Start of Block
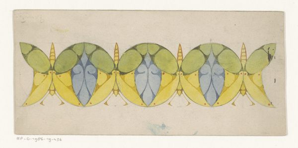 Editor: Here we have "Stylized Peacock with Spread Wings," a watercolor and drawing piece created around 1903 by Reinier Willem Petrus de Vries. There's a very organized, almost mathematically-appealing pattern here, with stylized, muted green shapes stacked in rows, but what strikes me most is this curious blending of the natural with what looks like strict geometry. What's your interpretation of it? Curator: That geometrical structure sings to me of Art Nouveau, an echo of nature captured and distilled through an aesthetic lens. Think about it: artists in that era weren't just painting pretty pictures; they were striving for a harmonious, ordered world. Each geometric form suggests both control and fluidity. What do these repeating elements make you feel? Editor: I can definitely see that harmony between nature and design now that you mention the Art Nouveau style. It still feels rigid, almost like specimens pinned on display. Curator: Ah, yes, that tension is precisely what gives this piece its voice. Vries isn't just celebrating beauty; he’s also subtly framing the way we view the natural world. The wings may symbolize the urge for freedom, yet the rigorous constraints impose an idea of observing from a distance. Are these wings really ready for flight? Editor: Hmm, so it’s this constant push and pull between organic and constructed that really animates the piece. I see what you mean about observing from a distance: I hadn’t considered how its geometry might be a framework *for* viewing, not just *in* the work. Curator: Exactly! I guess we both learn something new from old masters with our contemporary eyes, right?
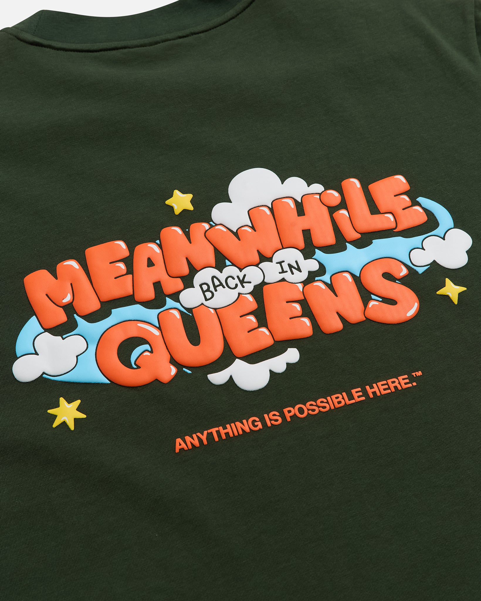 Inspired by late-night ideas, dreaming big, and the belief that anything is possible when you’re from Queens. Crafted from medium-weight 100% cotton jersey with a soft hand feel, this tee is designed for everyday comfort and wear. It features a screen print at the top left front and a bold puff print hit on the back. Finished with a classic, true-to-size fit in unisex/mens sizing— size up for a more oversized look.
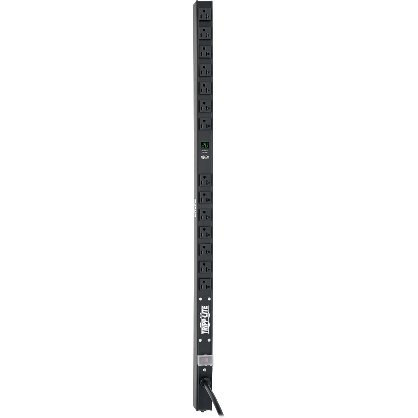 General InformationTripp Lite single phase Metered PDU / Power Distribution Units offer real-time local reporting of load level in amps via built-in digital display. Enables visual monitoring of PDU load levels to prevent overloads as additional equipment is added. Offers reliable rackmount multi-outlet power distribution from any protected UPS, generator or mains input power source. High quality design includes rugged all-metal housing and secure rackmount installation with included mounting accessories.Technical InformationInput Receptacles: NEMA L5-20POutput Receptacles: 14 x NEMA 5-15/20RPower DescriptionInput Voltage: 120 V ACOutput Voltage: 120 V ACPower Rating (Watt): 2000 WInput Current: 20 APhysical CharacteristicsMounting Orientation: VerticalPlacement: RackRack Height: 0UHeight: 36"Width: 1.8"Depth: 1.3"Weight (Approximate): 3.20 lbMiscellaneousPackage Contents: PDUMV20-36 14-Outlets PDU1 x L5-20P to 5-20P Plug AdapterMounting HardwareSpare Mounting ButtonsInstruction Manual with Warranty InformationEnvironmentally Friendly: YesEnvironmental Certification: RoHSWarrantyLimited Warranty: 2 Year
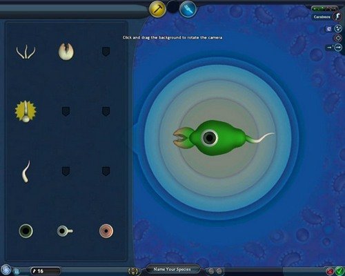 玩家要先从数十亿年前的单细胞生物开始,逐渐进化成多细胞生物,再进一步发展大脑功能,最后产生群集生物,体验生命进化的过程。此外,游戏也具备战略要素和简易编辑器,玩家可控制生物发展文明,甚至可以透过武力而征服其他星球。至于游戏编辑器,则能让玩家自己设计游戏内容。
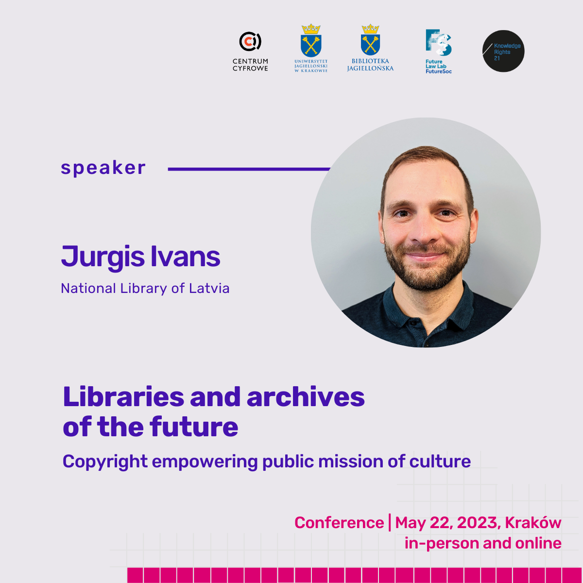 Konferencē “Nākotnes bibliotēkas un arhīvi” (Libraries and archives of the future: Copyright empowering public mission of culture) tiks aktualizēti jautājumi par bibliotēku un arhīvu rītdienu, kur tiešsaistes klātbūtne tikai pastiprināsies. Lai atmiņu institūcijas pilnībā izmantotu savu potenciālu digitālajā pasaulē, ir vispirms jārod atbildes uz vairākiem ar autortiesībām saistītiem jautājumiem. Vai ir nepieciešamas izmaiņas un kādas? Kas visvairāk nepieciešams bibliotēku un arhīvu lietotājiem?
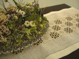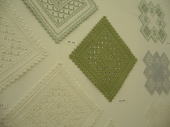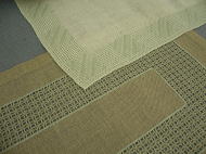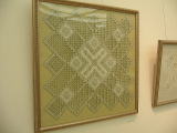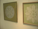 作品をマットの上に載せてハーダンガーのレース部分を透かせたり、窓を抜いて作品をはめ込んだり、
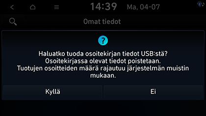 Tätä toimintoa käytetään osoitekirjan tuomiseen USB-muistilaitteesta.
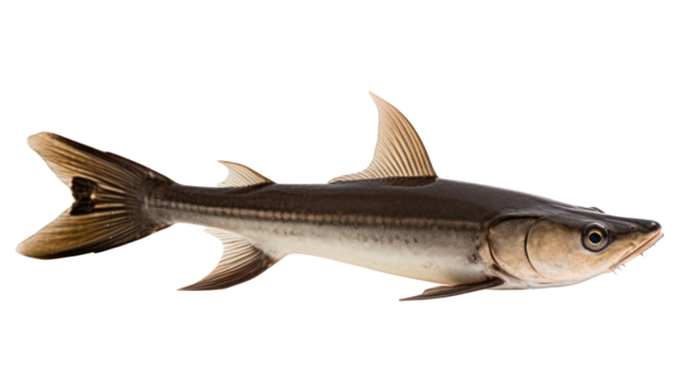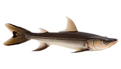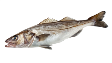 White fish with cod detailed scales, open mouth, and fins isolated on white transparent background, concept of marine wildlife.
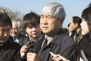 ▲神舟飞船总设计师戚发轫委员接受记者采访。中国载人航天工程一直是人们关注的热点。
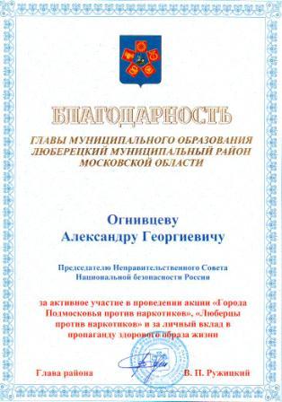Благодарность Главы Люберецкого района Московской области
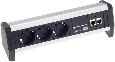 Steckdoseneinheit “DESK 1”, 4-fach Die Tisch-Steckdoseneinheit mit zwei vorkonfigurierten Netzwerkanschlüssen
End of Block
• **THE PROBLEM**: What's needed is an exact copy of the lines above from the one with "Tätä toimintoa käytetään" through the one with "Благодарность Главы Люберецкого", both included; the pictures stay out.

• **RESULT OF THIS TASK**:
 Tätä toimintoa käytetään osoitekirjan tuomiseen USB-muistilaitteesta.
 White fish with cod detailed scales, open mouth, and fins isolated on white transparent background, concept of marine wildlife.
 ▲神舟飞船总设计师戚发轫委员接受记者采访。中国载人航天工程一直是人们关注的热点。
Благодарность Главы Люберецкого района Московской области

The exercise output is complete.